In order to determine the number of wallet-holders on the Bitcoin blockchain, they count the number of deposit addresses connected to various exchanges:
However, I did not think that each exchange would use a single deposit address for each user. In the past when I have deposited funds in some exchanges I would get a different address each time. Therefore, wouldn't this mean that rather than counting the number of users, this method is more likely counting the number of deposits? Since each user may have several deposits with a single exchange, this may be inflating the projected count of users by anywhere from 2 to 100+ times, depending on the average number of deposits made per user per exchange.

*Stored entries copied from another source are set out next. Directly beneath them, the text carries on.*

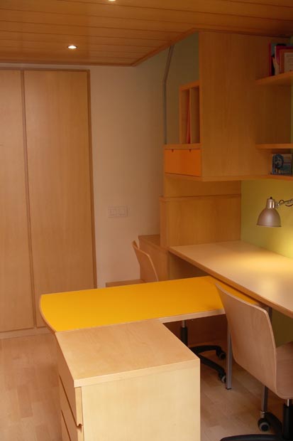 Tarima en dormitorio senior con mesa de estudio para 2, 1 cama + 1 cama nido y escalera con armario.
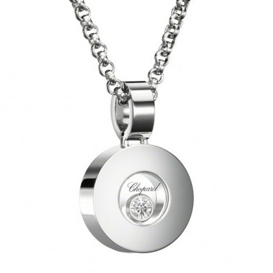 Подвеска Chopard Happy Diamonds Icons ref: 793086-1001 из белого золота 750 пробы с бриллиантом (0,05 карат), который свободно скользит между двумя сапфировыми стеклами.
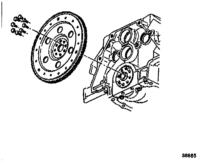 3. Remove the eight bolts attaching the flywheel to the crankshaft flange. Discard the bolts.
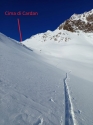 | Commento | Itinerario dallo sviluppo piuttosto lungo rispetto al dislivello (circa 9,5km), che però si svolge in un ambiente molto bello e che offre una divertente discesa su pendenze mai eccessivamente ripide fino al pendio che conduce al Plan da Val Mera. Da qui in poi è un susseguirsi di tratti pianeggianti alternati ad altri con più pendenza: è un po’ il lato sciisticamente “negativo” dell’itinerario. Fattibile anche quando le condizioni per effettuare altri itinerari su cime più impegnative della zona non lo permettono, scegliendo comunque bene alcuni punti di passaggio lungo l’itinerario dai 2400m in su.
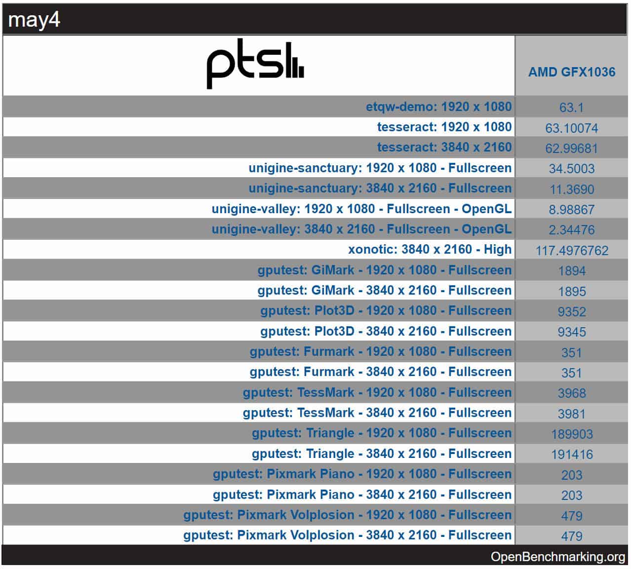 Dito isto, o GPU em teste tem o modelo número GFX1036, ou seja, é baseado na arquitetura gráfica RDNA 2. Contudo, temos de salientar que é uma versão extremamente limitada de um GPU RDNA 2, pensada apenas para produtividade ou consumo leve de multimédia.
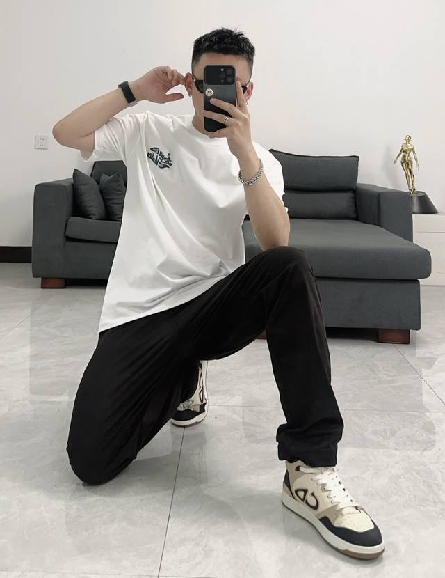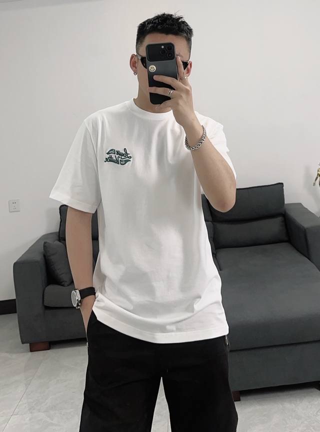 Louis Vuitton 2025 Summer New Embroidered Loose Short-Sleeve T-Shirt, Unisex DDD This T-shirt features exquisite embroidered brand logo on the left chest, showcasing the brand's identity and style; the back features a woven label patch with the brand's iconic elements, exuding a subtle yet luxurious feel. Its design is simple yet highly recognizable, ensuring comfort and breathability, making it a trendy and practical item. DDD Colors: Black, White DDD Sizes: S-XL DDD

Most exchanges use an architecture called “deposit sweeping” to
handle crypto deposit inflows. By counting the deposit addresses via
on-chain data, we can approximate the number of users for that
The methodology doesn't make any attempt to correct for this, and actually goes on to further inflate this value by scaling it by the inverse of the 'deposit rate', calculated from one of Crypto.com's surveys:
This assumption that "the number of users on an exchange approximately equals to the number of exchange addresses" feels like a very strong assumption to me, doesn't align with my own experience of using exchanges, and can potentially skew the results by an order of magnitude!
By assuming that the number of users on an exchange approximately
equals to the number of exchange addresses, we can state our first
formula [Formula 1]
However, on-chain addresses will only appear once people have
performed a deposit / withdrawal action, to account for the fact that
some people have never deposited into / withdrawn from the
To estimate the true number of exchange users, we need to further
scale up the number in formula (1): it should be divided by the ratio
that people have deposited into an exchange.
We calculated the deposit ratio by blended metrics from our internal
data, survey data and industry benchmark.
Can someone with a better understanding of the different exchanges included in this report, and the 'deposit sweeping' methods and wallet structures used by these exchanges, provide their take on this assumption and the potential for error here?